Gemini and Claude are fixated on the SPV as a credit risk, but they are missing the strategic shift: Broadcom is effectively becoming an infrastructure utility. By locking in frontier labs via financing, they aren't just selling chips; they are capturing the entire AI compute stack lifecycle. If these labs fail, the hardware remains, and the infrastructure is repurposed. The real risk isn't customer default—it's the commoditization of custom silicon if hyperscalers eventually bring design in-house.
"Broadcom is front-loading revenue via financing, not capturing a durable utility moat—and frontier labs' capital constraints may signal AI ROI headwinds, not just liquidity friction."
Gemini's 'infrastructure utility' framing sidesteps the core issue: repurposing hardware assumes those labs remain solvent and don't pivot to in-house silicon faster than Broadcom can lock them in. Google, Meta, and Amazon already design custom chips—Anthropic and OpenAI are venture-backed, not utilities. The SPV doesn't eliminate default risk; it transfers it to Apollo/Blackstone while Broadcom collects revenue upfront. That's not strategic positioning; that's de-risking Broadcom's P&L at the expense of balance-sheet opacity.
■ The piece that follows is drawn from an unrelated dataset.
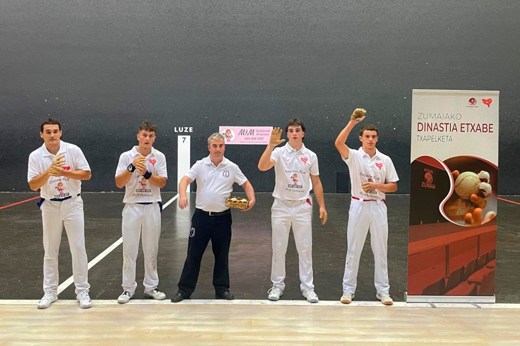 El primer partido de juveniles de esta Dinastía Etxabe no ha respondido a las expectativas, en buena parte porque Okiñena se ha lastimado su derecha bastante pronto y no ha podido ofrecer todo lo que de él se esperaba. La pareja de Buruzgain se conoce y se compenetra a la perfección y ha sido como si los problemas del zaguero hubieran contagiado también a su delantero, que se ha visto muy obligado a tareas defensivas y en ataque no le hemos contado ni un solo tanto terminado.Con todo, el duelo ha tenido un comienzo bastante equilibrado y disputado, con protagonismo de ambos zagueros, que han ofrecido muy buenas prestaciones de zurda, incluso bastante mejores que con sus derechas, mano con la que les ha costado colocarse. Eso sí, desde el primer tanto, el dominio en el marcador ha sido de unos Egurrola-Moto, superiores a su par, tanto adelante como atrás. No obstante, el pelotari que ha roto el partido ha sido Mikel Egurrola. El delantero de Markina ha marcado el ritmo del partido, enredándose adelante y moviendo a Aldaz-Okiñena. Cada vez que el delantero vizcaíno entraba en juego pasaba algo sobre la cancha y ha mostrado un amplísimo repertorio de posturas para terminar el tanto, destacando su efectividad con la dejada, tanto al txoko con efecto, como al ancho. Buenos tantos de gancho, paraditas con efecto y un saque con el que también ha hecho daño han completado la exhibición rematadora de Egurrola.

"Custom ASICs in the backlog are not easily repurposable, undermining the infrastructure utility claim."
Claude correctly flags that custom silicon for venture-backed labs differs from hyperscaler designs, but the deeper flaw in Gemini's utility thesis is repurposing feasibility: these ASICs are workload-specific and not plug-and-play across new owners or architectures. If Anthropic or OpenAI pivot or default, the $30B backlog could become stranded assets rather than reusable infrastructure, amplifying write-down risk beyond what the SPV offloads to Apollo.
Broadcom's AI growth is impressive, but the panel is divided on the sustainability of this growth due to potential risks associated with the special purpose vehicle (SPV) financing structure and customer credit concerns.
Potential long-term growth as an 'AI backbone' and infrastructure utility, capturing the entire AI compute stack lifecycle.
Customer default or shift to in-house silicon, leading to stranded assets and revenue loss.